- _DATA EXCERPT_:
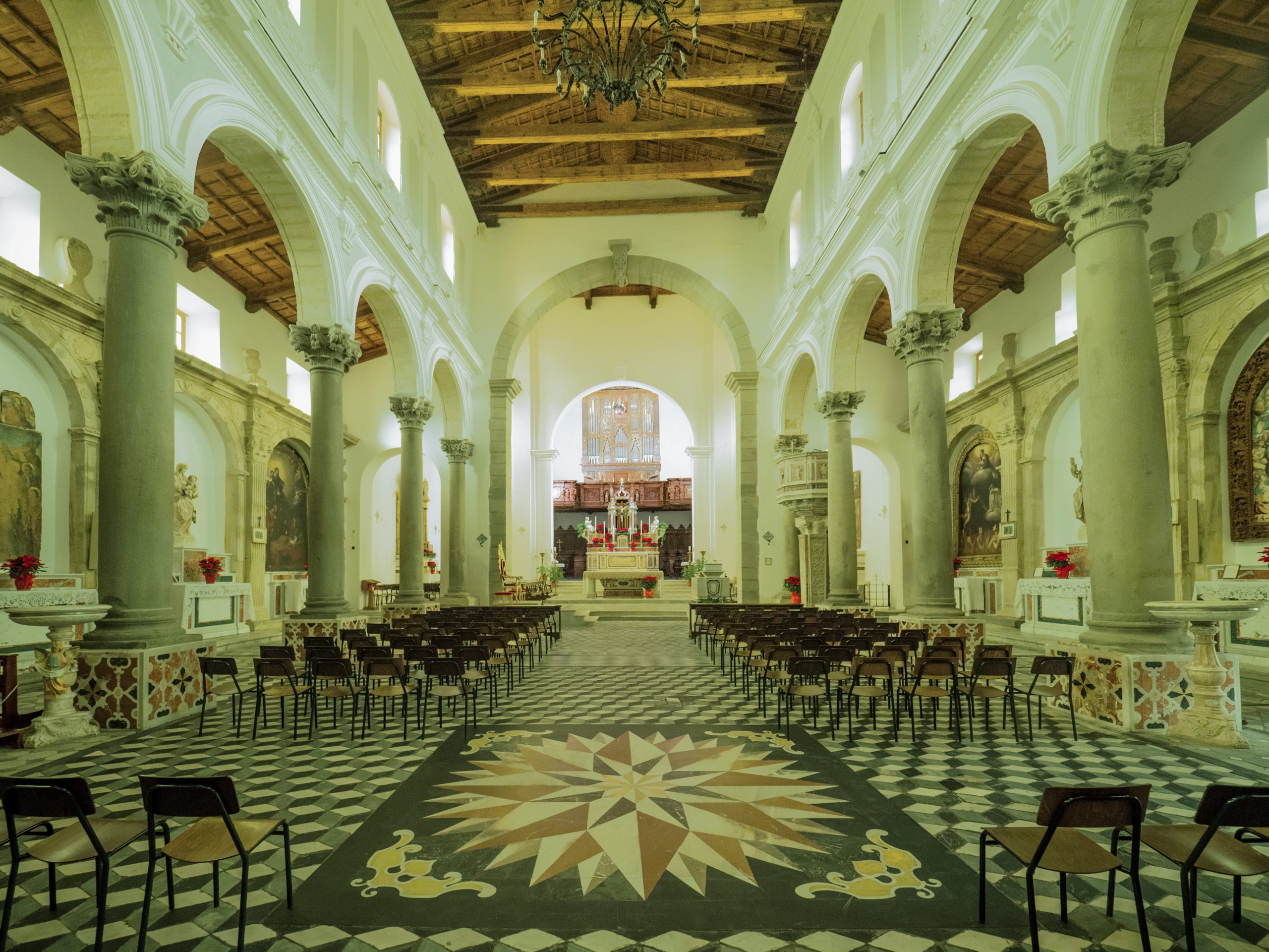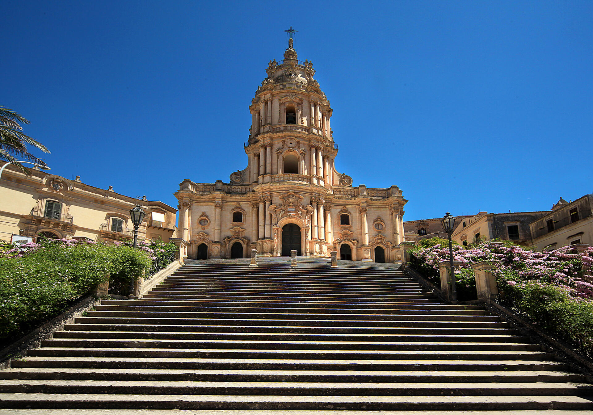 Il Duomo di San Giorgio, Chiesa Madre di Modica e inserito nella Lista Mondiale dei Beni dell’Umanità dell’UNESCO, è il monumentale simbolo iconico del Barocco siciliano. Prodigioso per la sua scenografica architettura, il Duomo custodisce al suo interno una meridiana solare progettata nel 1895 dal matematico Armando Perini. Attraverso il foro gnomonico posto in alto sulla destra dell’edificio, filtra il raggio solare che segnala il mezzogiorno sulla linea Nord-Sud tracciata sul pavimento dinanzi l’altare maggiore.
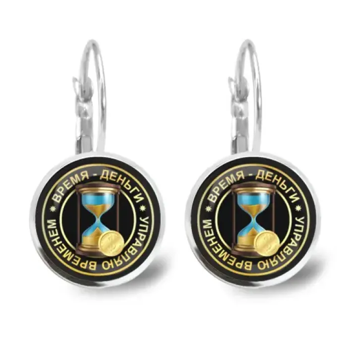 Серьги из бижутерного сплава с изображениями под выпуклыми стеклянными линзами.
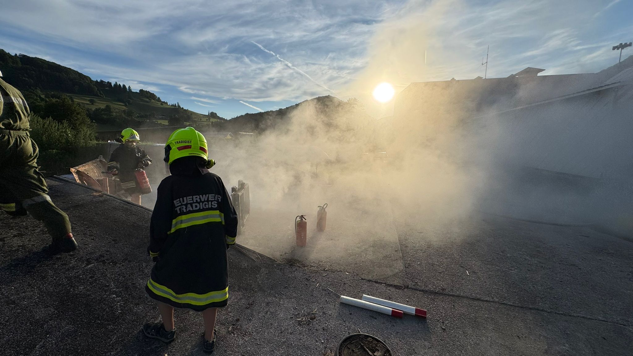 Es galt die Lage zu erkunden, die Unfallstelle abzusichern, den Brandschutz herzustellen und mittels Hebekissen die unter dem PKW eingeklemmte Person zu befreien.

- _PROBLEM TO SOLVE_:
Take the line containing "Серьги из бижутерного" and every line after it up to the end of the data, and write them out exactly, without the pictures.

- _TASK ANSWER_:
 Серьги из бижутерного сплава с изображениями под выпуклыми стеклянными линзами.
 Es galt die Lage zu erkunden, die Unfallstelle abzusichern, den Brandschutz herzustellen und mittels Hebekissen die unter dem PKW eingeklemmte Person zu befreien.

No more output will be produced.